++++ EXCERPTED DATA

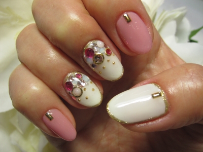 今回は、ゴールド&ホワイト&ピンクの3色使い中心で柔らかくまとめました
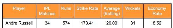 Andre Russell (Kolkata Knight Riders - 2016) - The exuberant KKR all-rounder is a hard-hitting batsman, excellent death overs bowler, and an outstanding fielder.
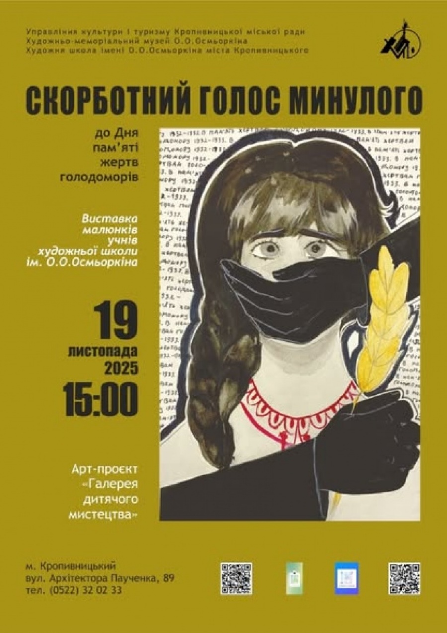 До Дня пам’яті жертв голодоморів, який відзначається в Україні щороку в четверту суботу листопада, у Кропивницькому художньо-меморіальний музей Олександра Осмьоркіна презентував виставку малюнків учнів художньої школи імені О.О.Осмьоркіна «Скорботний голос минулого». Виставка влаштована в рамках арт-проєкту «Галерея дитячого мистецтва» за ініціативи заступниці директора художньої школи Тетяни Бондарь, повідомила директорка музею Віта Чернова.
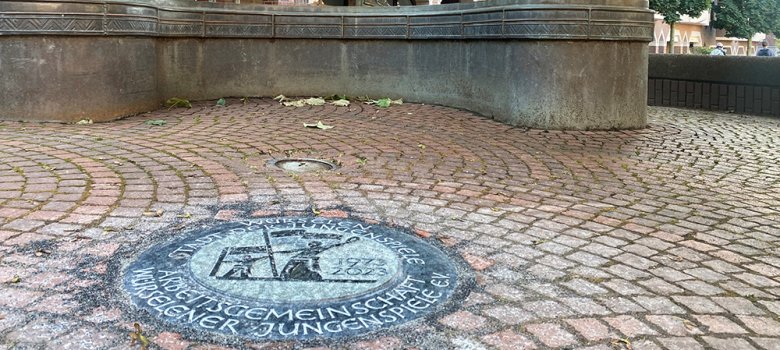 Zum Jubiläum „50 Jahre AWJ“ wurde 2023 direkt am Jungenspielbrunnen eine Bodenplatte verlegt, die der Würselener Künstler und Bildhauer Rainer Klinkenberg geschaffen hatte, ein Geschenk, das Bürgermeister Roger Nießen der AWJ zum Jubiläum gemacht hatte.
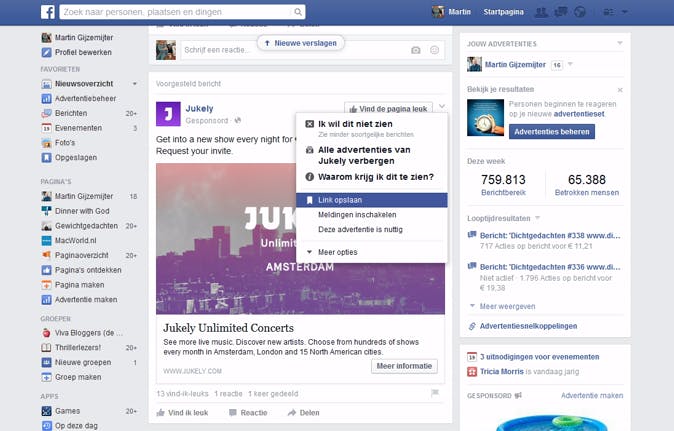 De kans is vrij groot dat je meer vrienden (pardon, kennissen) op Facebook hebt dan er in je nieuwsoverzicht passen. Zelfs als je de eerste stap hebt uitgevoerd, blijft het onmogelijk om alles bij te houden, vooral wanneer het gaat om links in berichten. Zou het dan niet fijn zijn als je die berichten kon opslaan, zodat je die linkjes later kunt bezoeken? Inderdaad, en dat is dan ook waarom die functie gewoon bestaat op Facebook. Wanneer je een bericht tegenkomt met een link die je wilt opslaan, klik dan op het grijze pijltje naar beneden in het bericht en vervolgens op Link opslaan. Wanneer je nu in het linkerdeelvenster klikt op Opgeslagen onder het kopje Favorieten, vind je al deze links (en berichten) weer terug. Dit werkt overigens ook prima voor berichten met video's die je later wilt bekijken.
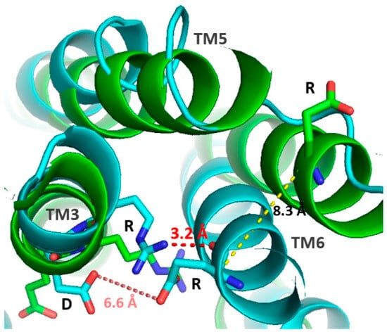 Moreover, an ionic bridge between TM3 and TM6 is also involved in OR activation; it is closed when the receptor is inactive, but when it is in an active conformation, the interaction is disrupted, leading to the displacement of TM6. The residues involved appear to be the arginine of the DRY motif of the TM3 helix, with a residue at the beginning of TM6 forming a hydrogen bond (Figure 6). If the TM6 residue is positively charged and sufficiently large (arginine or lysine), a double ionic bridge will form with the addition of a hydrogen bond between the TM6 residue and the aspartic acid of the DRY motif [].
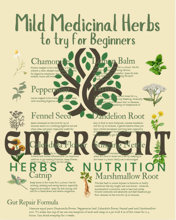 A one-page infographic outlining 10 mild herbs to begin using for the beginning herbalist and one formula.
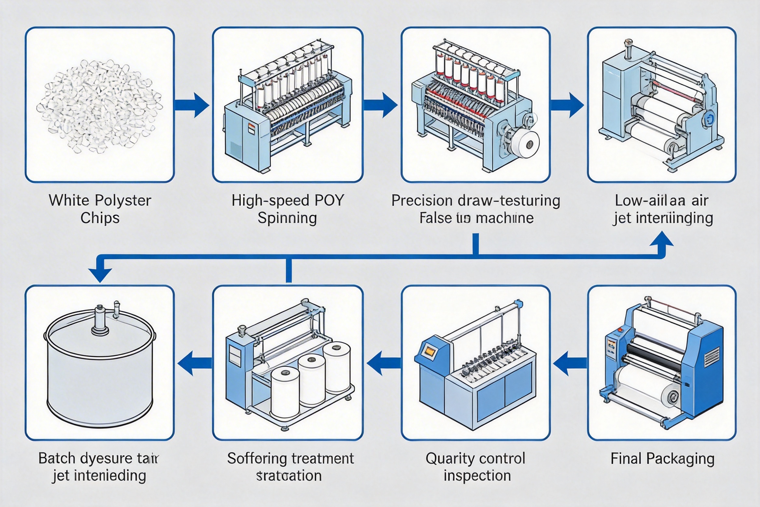 Figure 3: Flowchart of the White Slight Intermingled DTY production process, from POY spinning to final packaging.

++++++++

- **TASK OBJECTIVE**
The required output is an exact copy of the lines from the one with "A one-page infographic" through the final line of the data above, with pictures removed.

- **YOUR SOLUTION**
 A one-page infographic outlining 10 mild herbs to begin using for the beginning herbalist and one formula.
 Figure 3: Flowchart of the White Slight Intermingled DTY production process, from POY spinning to final packaging.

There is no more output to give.